Only the lines from the one that contains "A Bam Bam’s" to the last line below, both included, should be transcribed. Pictures stay out of the copy.

# Information supplied:
##############################

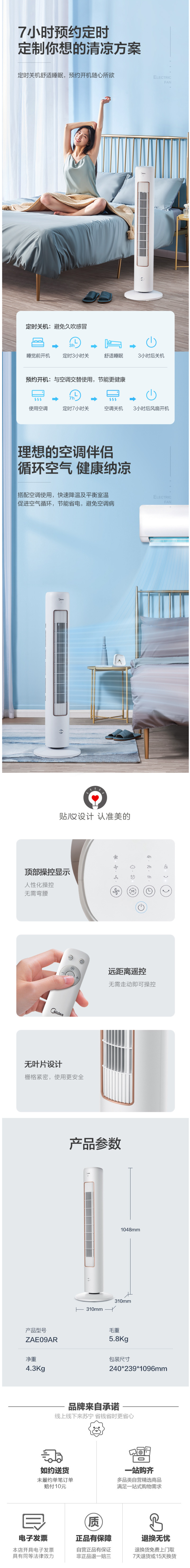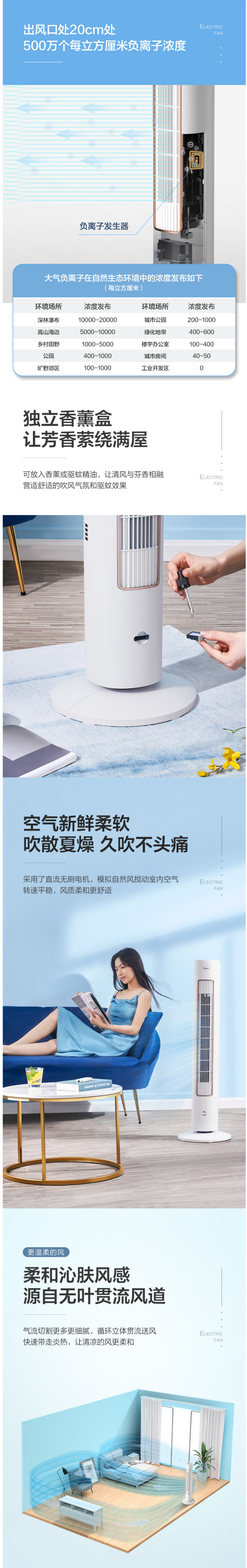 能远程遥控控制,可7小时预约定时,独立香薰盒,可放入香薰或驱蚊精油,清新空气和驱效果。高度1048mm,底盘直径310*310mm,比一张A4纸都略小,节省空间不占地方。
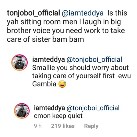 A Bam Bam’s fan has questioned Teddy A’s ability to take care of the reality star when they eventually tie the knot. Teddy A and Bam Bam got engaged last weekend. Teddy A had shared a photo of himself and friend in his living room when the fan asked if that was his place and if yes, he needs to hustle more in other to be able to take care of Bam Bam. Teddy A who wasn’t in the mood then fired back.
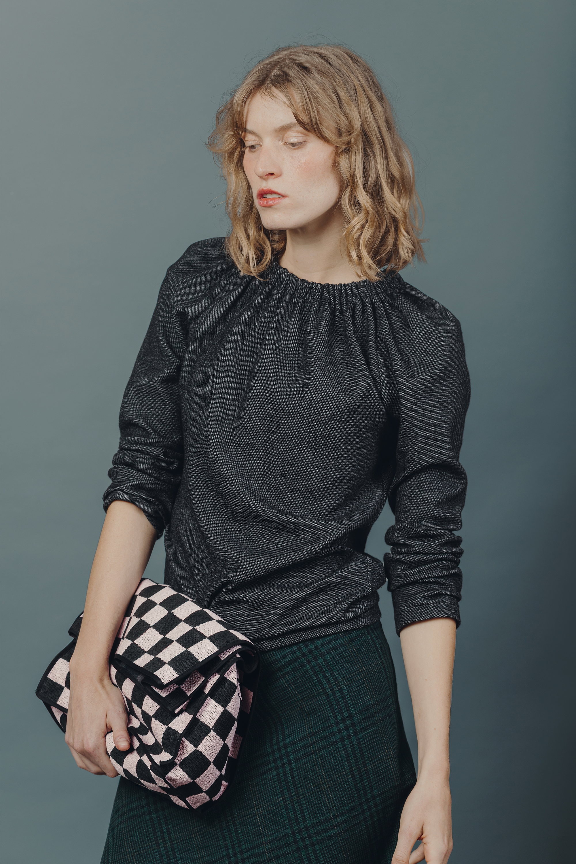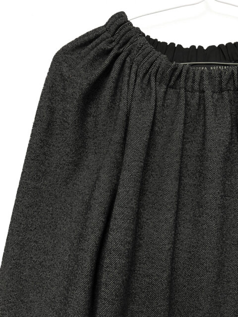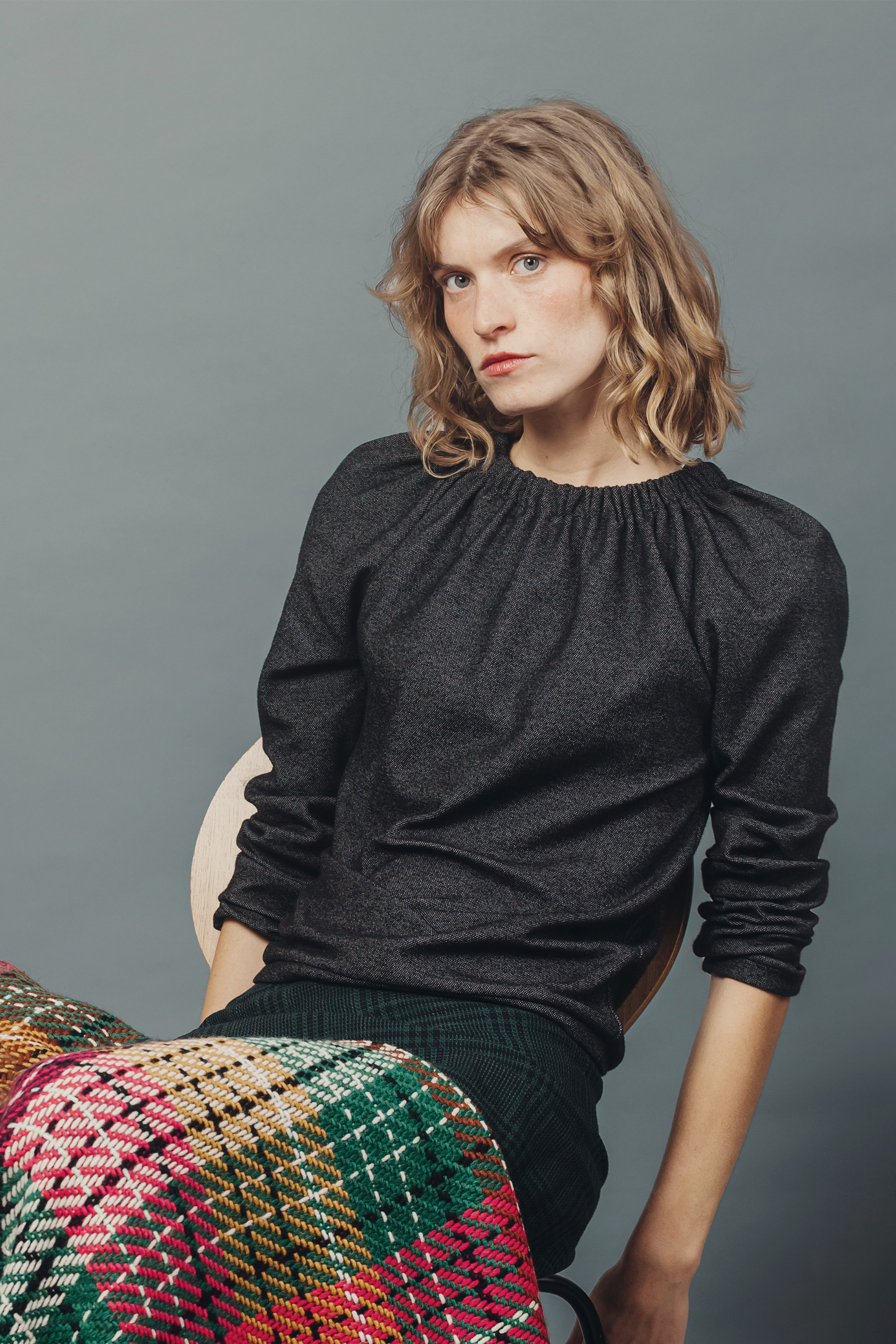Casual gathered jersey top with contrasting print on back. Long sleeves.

##############################

# Exercise result:
 A Bam Bam’s fan has questioned Teddy A’s ability to take care of the reality star when they eventually tie the knot. Teddy A and Bam Bam got engaged last weekend. Teddy A had shared a photo of himself and friend in his living room when the fan asked if that was his place and if yes, he needs to hustle more in other to be able to take care of Bam Bam. Teddy A who wasn’t in the mood then fired back.
Casual gathered jersey top with contrasting print on back. Long sleeves.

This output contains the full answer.